Se já viste uma linha de "SHA256:" ou "MD5:" junto a uma hiperligação de download e não sabias o que fazer com ela, este guia mostra, passo a passo, como usar esse código para confirmar que o teu ficheiro não ficou corrompido nem foi alterado durante a transferência.

Índice

O que é realmente um hash?

Resposta rápidaUm hash é uma "impressão digital" de comprimento fixo gerada a partir dos dados de um ficheiro. Os mesmos bytes produzem sempre o mesmo hash; se um único byte mudar — por corrupção na transferência ou por alteração intencional — o hash resultante é completamente diferente.

Isto torna o hash útil para duas coisas muito diferentes: confirmar que uma transferência não se danificou (integridade) e detetar se alguém alterou um ficheiro depois de publicado (autenticidade, até certo ponto). O gerador de hash da ToolPico calcula MD5, SHA-1, SHA-256, SHA-384 e SHA-512 — além de SHA3-256/512 — a partir de texto ou de um ficheiro, tudo dentro do teu navegador, sem enviar nada para um servidor.

Nota rápida: um hash não é uma "senha" nem um identificador secreto. É uma função matemática de sentido único: dá para calcular o hash a partir do ficheiro, mas não dá para recuperar o ficheiro a partir do hash.

Como verificar um ficheiro descarregado

Resposta rápidaCarrega o ficheiro no separador Ficheiro do gerador de hash, cola o valor que o site de origem publicou no campo Hash esperado, e clica em Gerar hash. A ferramenta calcula automaticamente todos os algoritmos e mostra se o resultado coincide com o valor esperado.

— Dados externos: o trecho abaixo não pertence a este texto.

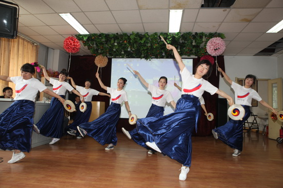韩国学生为老人们表演了韩国传统节目小鼓舞、现代舞和跆拳道
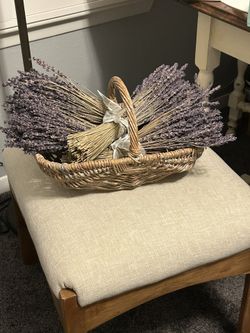 Farmhouse Real Lavender Botanical Flower Stalk Bundle Gathering Wicker Basket$40Houston, TX

Na prática, o processo tem quatro passos simples:

  1. Copia o hash publicado junto ao link de download (normalmente indicado como "SHA256" ou "MD5").
  2. Abre o gerador de hash ToolPico e muda para o separador «Ficheiro».
  3. Arrasta o ficheiro descarregado para a zona de carregamento — o ficheiro é processado localmente e nunca sai do teu computador.
  4. Cola o hash no campo «Hash esperado»; a ferramenta deteta automaticamente o algoritmo pelo comprimento da cadeia (32 carateres = MD5, 64 = SHA-256, 128 = SHA-512) e assinala se há coincidência.

MD5, SHA-1, SHA-256 ou SHA-512 — qual importa?

Resposta rápidaPara verificação de integridade de uma transferência normal, qualquer um destes algoritmos funciona — o objetivo é só detetar corrupção acidental. Para segurança (assinaturas, autenticação de origem), usa SHA-256 ou SHA-512; evita confiar apenas em MD5 ou SHA-1, que são criptograficamente fracos.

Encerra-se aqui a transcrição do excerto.